Risk: The price is unpredictable

The flipside to the benefits of an emerging market is that it also makes the prices unpredictable. The early internet also had the dot-com bubble, where prices for all internet companies skyrocketed to unrealistic values and then plummeted back down again.

We’ve seen this many times with Bitcoin and cryptocurrencies as well. It’s still difficult to put a price on crypto assets, which means nobody really knows if they are under- or overvalued. The value of the different cryptocurrencies and tokens representing shares in blockchain projects can swing wildly from day-to-day and month-to-month. If you invest a lot in crypto one day, the price could easily collapse the next.

Benefit: You can truly own cryptocurrency

One of the key benefits of cryptocurrencies like Bitcoin is that they are decentralized. In other words, they are free from the control and manipulation of any central authority. In contrast, most fiat currencies are centralized, so a bank or government can step in to freeze your assets, and there’s nothing you can do about it.

With Bitcoin and many other cryptocurrencies, this isn’t possible. As long as only you have control of your private keys, nobody can take money off of your ‘crypto wallet’. They can’t even stop you from spending it either. In this way, cryptocurrency is like digital cash or gold.

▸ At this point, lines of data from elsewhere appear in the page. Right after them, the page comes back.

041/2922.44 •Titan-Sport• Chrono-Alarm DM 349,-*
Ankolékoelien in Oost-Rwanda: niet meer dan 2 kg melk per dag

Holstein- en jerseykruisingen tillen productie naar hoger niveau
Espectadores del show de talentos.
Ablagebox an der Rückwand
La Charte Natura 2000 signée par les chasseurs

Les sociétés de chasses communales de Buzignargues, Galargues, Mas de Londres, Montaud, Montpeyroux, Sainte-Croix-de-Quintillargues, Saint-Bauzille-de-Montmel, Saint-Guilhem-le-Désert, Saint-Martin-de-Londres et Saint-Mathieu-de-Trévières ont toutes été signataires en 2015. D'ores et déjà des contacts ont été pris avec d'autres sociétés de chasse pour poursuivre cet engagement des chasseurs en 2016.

Risk: Once it’s gone, it’s gone forever

Of course, the downside to cash and gold is that you can lose it or have it stolen. With cryptocurrency, the risk is exactly the same. If you lose your private keys to your Bitcoin or Ethereum wallet, there is no bank to help you recover your funds.

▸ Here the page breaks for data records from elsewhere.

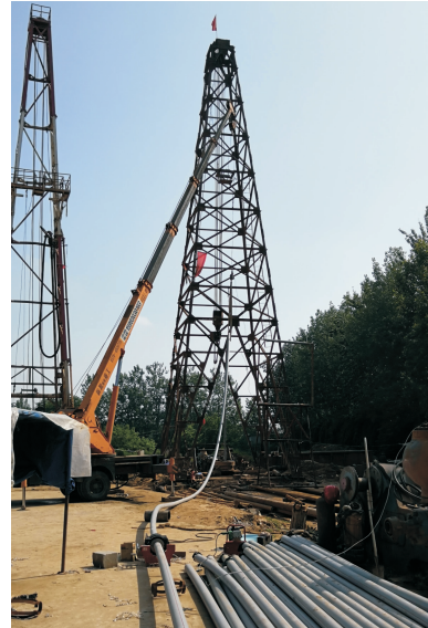
图 3 下内管

钢丝绳盘在卷扬机上,通过卷扬机刹把制动和配重的下坠力下管,吊车辅助将内管拖动向井口移动(见图 3)。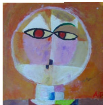
Schilderijtje van Asthma Benzian

Kijk op de Wijk wordt 's avonds afgesloten met een openluchtfilmvoorstelling bij Het Ketelhuis.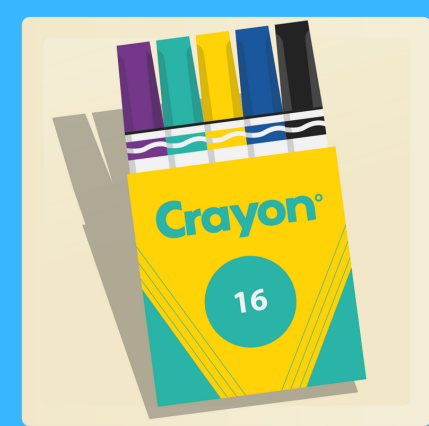
12 marqueurs lavables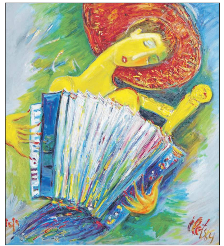
«Аккордеонистка». Всего же на выставке представлено 14 работ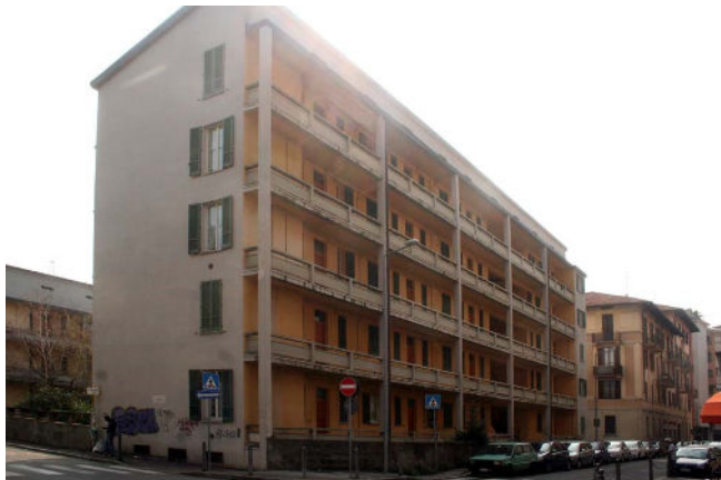
Fig. 7 Case Popolari Rechts: achterzijde

Als we iets verder doorlopen, passeren we de kruising van de via Mentana met links de via Ambrosoli en rechts de via Giulio Cesare en komen vervolgens bij de via Anzani. Op nr. 34 staan de Case Popolari IACP, ontworpen in 1939 door G. Terragni en A. Sartoris. Zoals eerder genoemd, ontwierpen deze twee architecten in 1938 de modelstad Rebbio voor arbeiders; een integraal plan voor een nog onbebouwd gebied aan de zuidkant van Como met flatgebouwen van zes verdiepingen, lage huizen met één of twee verdiepingen met scholen, een kerk, een stadion, sportvelden, groene gebieden op een orthogonaal stratennetwerk. Het plan is echter nooit gerealiseerd. Echter uit dit project zijn wel de case popolari in de via Anzani voortgekomen. Van de drie gebouwen die hier zouden komen, zijn er twee gerealiseerd, één met vier verdiepingen, het andere met twee verdiepingen boven de parterre.

There’s also the possibility of theft. In fact, in many cases, stealing cryptocurrency is even easier than stealing gold or cash, because you don’t have to physically steal anything, just a key or password. Anyone who has had even a remote interest in crypto over the last few years will know that the industry is constantly under attack. Hackers have stolen hundreds of millions worth of Bitcoin from cryptocurrency exchanges. Social engineering attacks are also widespread, trying to trick crypto users into giving up their private keys to malicious websites or emails.

In the case your crypto is stolen, you can’t get your bank to reverse the transaction.

Benefit: Crypto hasn’t gone mainstream yet

Cryptocurrency has surged in popularity over the last few years, but it is still far from mainstream. The vast majority of people in the world have still never attempted to buy or use cryptocurrency. This means there is still an incredible amount of room for user influx.

This is especially exciting when you combine it with the fact that most cryptocurrencies have a fixed or limited supply. No more than 21 million Bitcoins can ever be mined, and the majority of them are already on the market. The supply of Bitcoin in the future will stay very low while the demand may well go through the roof as everyone gets onboard.

In a ‘high demand – low supply’ situation, the only way for the price to go is up!

Risk: The infrastructure isn’t perfect

The disadvantage to this is that cryptocurrency doesn’t have all of the tools and infrastructure it needs yet for a mainstream audience. If you’ve bought or used much crypto, you’ll be especially aware of this fact.

Buying, selling and using cryptocurrency is still quite difficult and requires some research, skill and level of care to make sure you’re doing everything right. There’s always the risk of buying the wrong thing, using it in a way you didn’t intend, or simply being unable to use it. We see this all the time in the difficulty of actually spending cryptocurrency on everyday things. Crypto is often much more difficult to use than a credit card.

Make sure you know the balance

Every investment comes with its own unique balance of benefits and risks. Anyone trying to convince you otherwise is either a scammer or an incompetent investor.

With cryptocurrency, the benefits are extremely exciting, but the risks are also significant. Before you invest, it’s critical that you understand the balance. A good general rule of thumb for cryptocurrency is to only invest what you can afford to lose and don’t expect any big returns right away. Cryptocurrency is still in its early days and has a long way to go yet.